Ils deviennent ainsi des concurrents alors qu’ils ne disposent d’aucuns moyens de production et ne respectent parfois même pas les contrats signés avec leurs clients. Ces producteurs alternatifs sont des coquilles vides ne produisant aucune valeur ajoutée mais vivant bien de leurs rentes.

En outre, les producteurs d’électricité renouvelables intermittentes :

bénéficient des prix garantis sur 15 à 20 ans,

sont prioritaires sur le réseau lorsqu’ils produisent,

et ils n’ont aucune obligation de service (fréquence et tension) vis-à-vis du système électrique.

Toutes ces dispositions de pseudo-concurrence ont fragilisé les véritables opérateurs électriciens. Ils ne sont plus en mesure aujourd’hui d’investir dans de nouveaux moyens de production électrique pour remplacer ceux devenus obsolètes, ni de faire face aux énormes besoins de production d’électricité bas carbone.

En France, si l’électricité est décarbonée à 95% (grâce notamment au nucléaire et aux barrages), les énergies fossiles représentent tout de même encore les 2/3 de notre consommation en énergie finale et 95 % de nos émissions de gaz à effet de serre.

Comment redresser la barre ?

Il faut sortir du marché unique de l’électricité dans une Union européenne où chaque pays à sa propre politique électrique, et revenir à un système national. Cette disposition n’empêcherait en rien les échanges aux frontières comme auparavant. Il faut rétablir un prix moyen pondéré du kWh avec une répartition (par la Commission de régulation de l’énergie) des excédents financiers dégagés par les moyens à bas coûts pour compenser les pertes des moyens les plus onéreux nécessaires.

La production d’électricité bas carbone étant appelée à devenir la part majeure de notre consommation d’énergie finale, l’Etat doit s’en emparer au nom d’un service d’intérêt général, comme c’est même prévu par la Commission européenne.

Les grands électriciens étant aujourd’hui ruinés par les fautes stratégiques commises ces 20 dernières années, il appartient maintenant à l’Etat, garant du service d’intérêt général, d’assurer le financement des nouveaux outils de production électrique bas carbone. Il doit confier la construction, l’exploitation, la maintenance et le démantèlement des moyens de productions d’électricité à des électriciens compétents via des concessions.
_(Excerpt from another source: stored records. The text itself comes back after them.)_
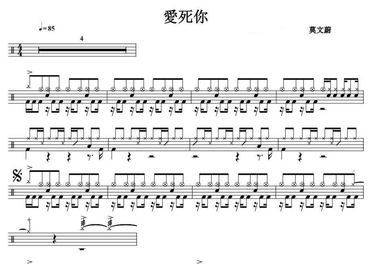 《爱死你》是莫文蔚演唱的一首歌曲,拍号为4/4拍,歌曲速度为每分钟85拍,这份架子鼓谱共有两张高清图谱,图谱由 @音符喷血者 编配上传,图谱使用五线谱编配,使用这份爱死你架子鼓谱,你将能够轻松地敲打出这首莫文蔚的爱死你,快来尝试吧。
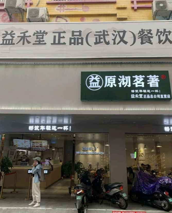 这家公司,把益禾堂的一个产品系列“原沏茗作”,稍加修改注册了商标,使用和益禾堂一样的品牌色调,还加了个大大的“益”字,逼真的视觉冲击力+合情合理的延伸,像极了益禾堂的“子品牌”。
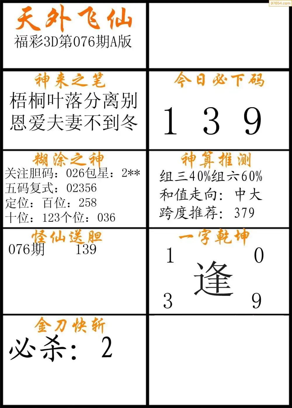 076期福彩3d天外飞仙A版
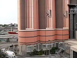 Bulk handling of grain continued until 1990 when the wheat terminal was transferred to Port Kembla and the wharfage remodelled for containerised cargo.[14][16] Some silos were demolished, while from 1991 Australian Cement (now Cement Australia) used 16 of them as a bulk cement terminal. These are now heritage-listed. In the 1990s a high-level, cable-stayed, reinforced concrete six-lane bridge spanning 345 metres between two 120-metre towers was built above the older Allan-designed Glebe Island Bridge. The new bridge opened on 3 December 1995, and was also named Glebe Island Bridge. It was renamed Anzac Bridge in 1998. Until November 2008, the island was the Australian Amalgamated Terminals (AAT) facility for imported motor vehicles.
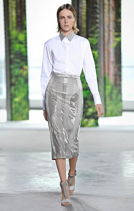 此次佔據品牌主要地位的BOSS男士西裝和襯衫出乎意料地成了新系列的靈感來源,注入輕盈和飄逸的元素。其中縫合線作為一種裝飾元素,勾勒廓形,將清爽的白色禮服襯衫,加長做成襯衫式連衣裙,或與美麗並賦裝飾性的短裙搭配,打造晚宴的時髦裝束。
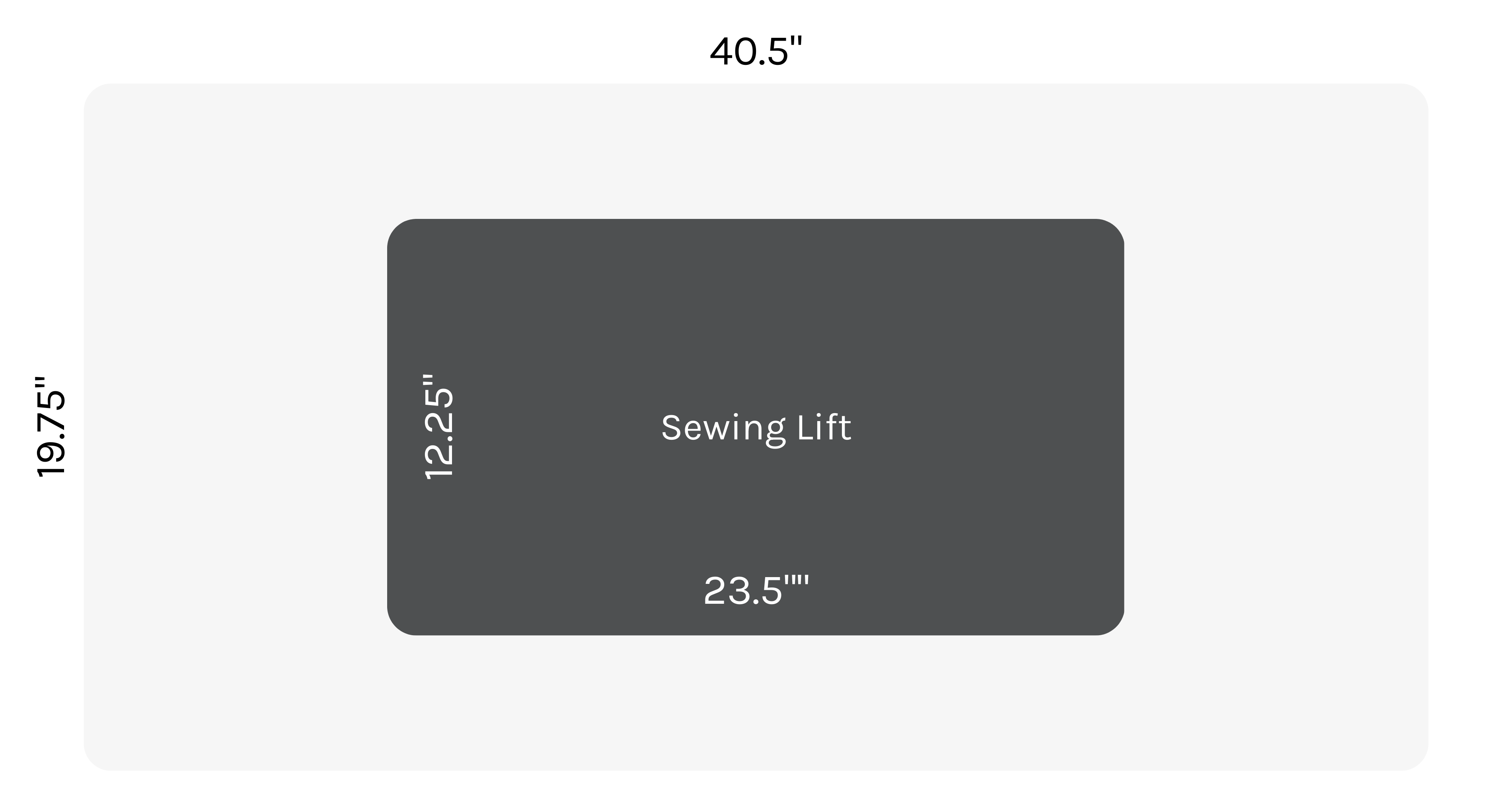 | Sewing Machine Drop in Opening Dimensions: | 23 ¾” W × 12 ½” D |
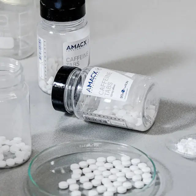 Eén capsule Amacx Cafeïne bevat maar liefst 100 mg cafeïne. Voor deze hoge dosis is gekozen, omdat onderzoek heeft aangetoond dat het gewenste effect van cafeïne het beste is bij 3 tot 5 mg cafeïne per kg lichaamsgewicht.
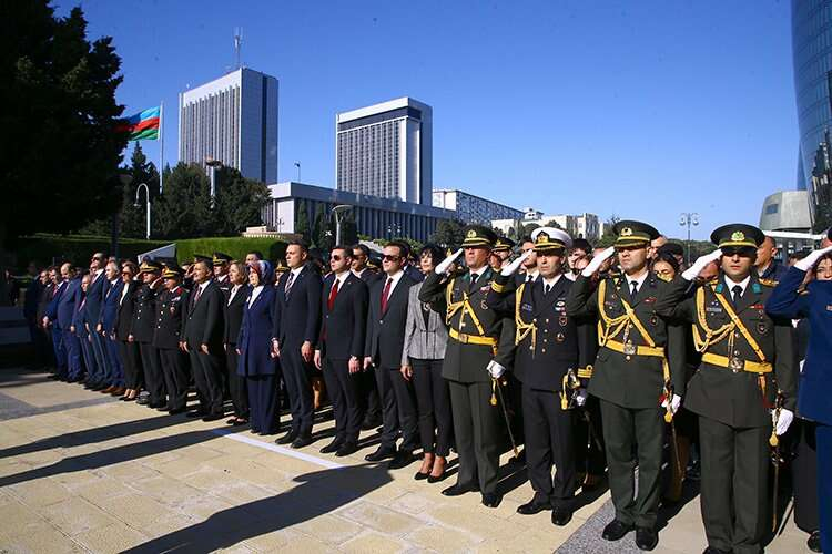 Azerbaycan'ın başkenti Bakü'deki Türk Şehitliği'nde Türkiye Cumhuriyeti'nin 100. yılı dolayısıyla tören düzenlendi.
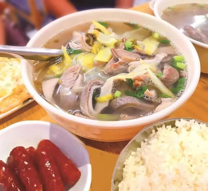 一碗辣汤用白胡椒和各色猪杂以老火熬炖而成,再加上酸菜、葱花提香,喝上一口,微微的辛辣在你喉咙中跳跃,胃口大开。再配上喷香的米饭,好吃到哭!记得加腊肠和煎蛋哦~
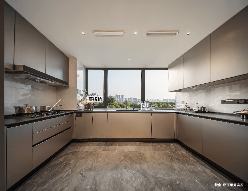 房子里的配置,只能用“奢侈”来形容。精装标准每平米超过6000元,请了梁志天、郑忠、吴滨三位国际设计大师分别为不同户型做设计。厨房配的是德国嘉格纳的顶级厨电,卫浴用的是德国当代和瑞士劳芬,这些品牌和上海半岛酒店用的是同款。中央空调、地暖、新风也全是国际一线品牌,满足了精装大平层对品质的极致追求。

Ces derniers auraient la charge de rembourser les financements pendant la durée de la concession.

Ces prix de l’électricité dépendraient donc étroitement des taux d’actualisation retenus par l’Etat.

Ainsi, dans l’intérêt général, chaque pays reviendrait comme avant à des politiques différentes sur son marché intérieur… et ses citoyens paieraient un prix de l’électricité représentatif de sa politique électrique.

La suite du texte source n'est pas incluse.